====== STORED DATA

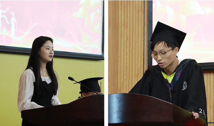 来自19物联网工程的在校生代表谢跃茹表达了对学长学姐们的感激和敬佩,希望每一位即将毕业的学长学姐无论走到哪里,都不要忘记对知识的渴求,在未来开启绚丽人生,也别忘记,常回“家”看看。毕业生代表高文滔来自17建筑电气与智能化专业,很快,他就要背上行囊前往同济大学开始新的征程,他代表全体毕业生向学院老师致以衷心感谢,他承诺,将以饱满的热情面对生活,带着一份责任感,一份希望进入社会。
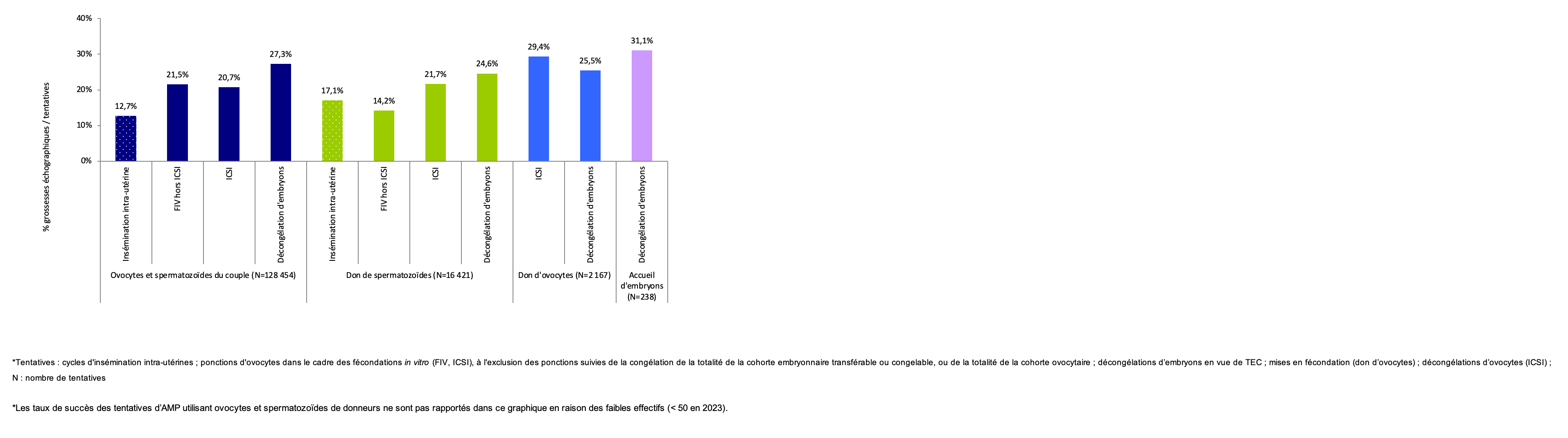 Figure AMP10. Taux de grossesses échographiques par tentative* d'AMP selon le type d'AMP et l'origine des gamètes en 2023
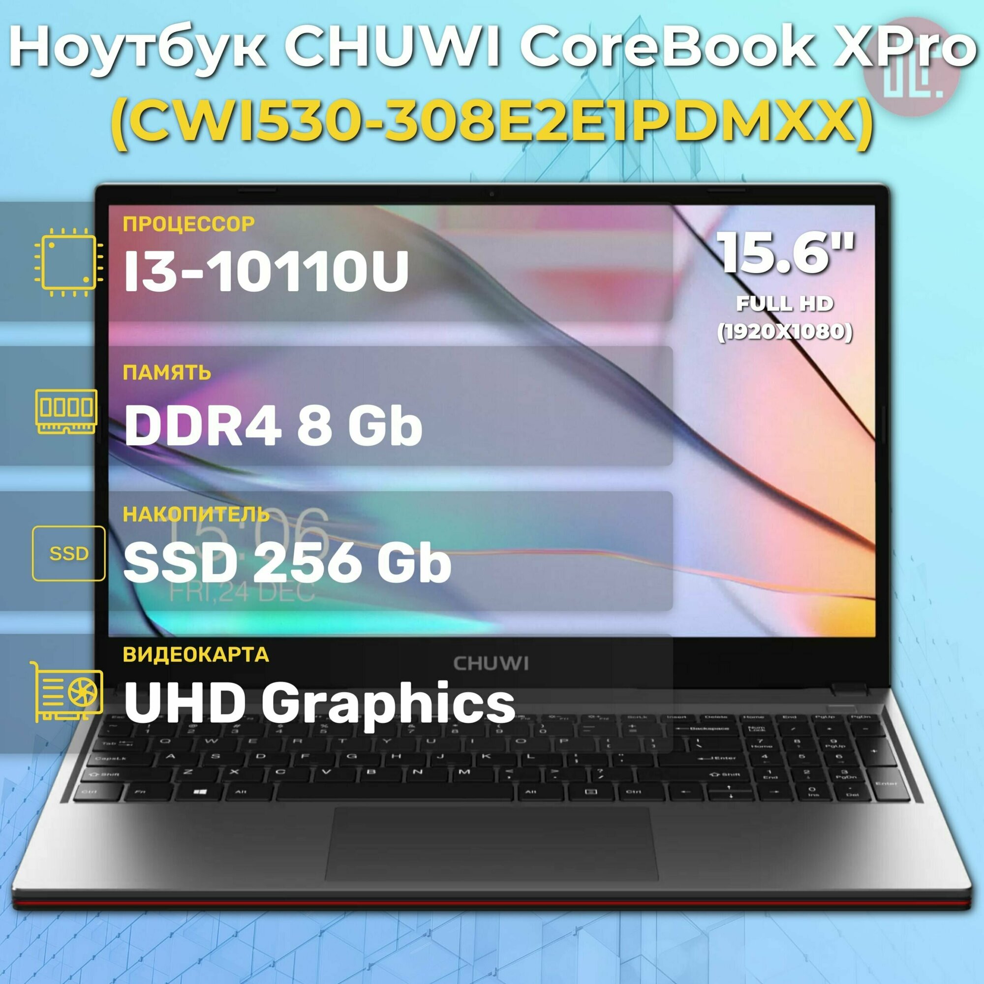 Ноутбук Chuwi Corebook Xpro grey (CWI530-308E2E1PDMXX) на базе двухядерного процессора Intel Core i3 - 10110U с частотой 2.1 ГГц - 4.1 ГГц, с оперативной памятью DDR4 объемом 8192 Мб, SSD 256 Гб для супербыстрой работы операционной системы будет Вашим надежным помощником в бизнесе и дома. Дисплей ноутбука 15.6 по технологии IPS с разрешением Full HD 1920x1080 прекрасно передает изображение на базе графического чипсета Intel UHD Graphics 620. Ноутбук Chuwi CoreBook XPro CWI530-308E2E1PDMXX серого цвета и оборудован всем необходимым: веб-камера, WiFi, Bluetooth. На лэптопе предустановлена операционная система Microsoft Windows 11 Professional.

============

§ ABOUT THIS TASK
Your copy should run from the line that has "Figure AMP10. Taux" through the last line above, exactly, with both ends in and pictures out.

§ PROBLEM SOLUTION
 Figure AMP10. Taux de grossesses échographiques par tentative* d'AMP selon le type d'AMP et l'origine des gamètes en 2023
 Ноутбук Chuwi Corebook Xpro grey (CWI530-308E2E1PDMXX) на базе двухядерного процессора Intel Core i3 - 10110U с частотой 2.1 ГГц - 4.1 ГГц, с оперативной памятью DDR4 объемом 8192 Мб, SSD 256 Гб для супербыстрой работы операционной системы будет Вашим надежным помощником в бизнесе и дома. Дисплей ноутбука 15.6 по технологии IPS с разрешением Full HD 1920x1080 прекрасно передает изображение на базе графического чипсета Intel UHD Graphics 620. Ноутбук Chuwi CoreBook XPro CWI530-308E2E1PDMXX серого цвета и оборудован всем необходимым: веб-камера, WiFi, Bluetooth. На лэптопе предустановлена операционная система Microsoft Windows 11 Professional.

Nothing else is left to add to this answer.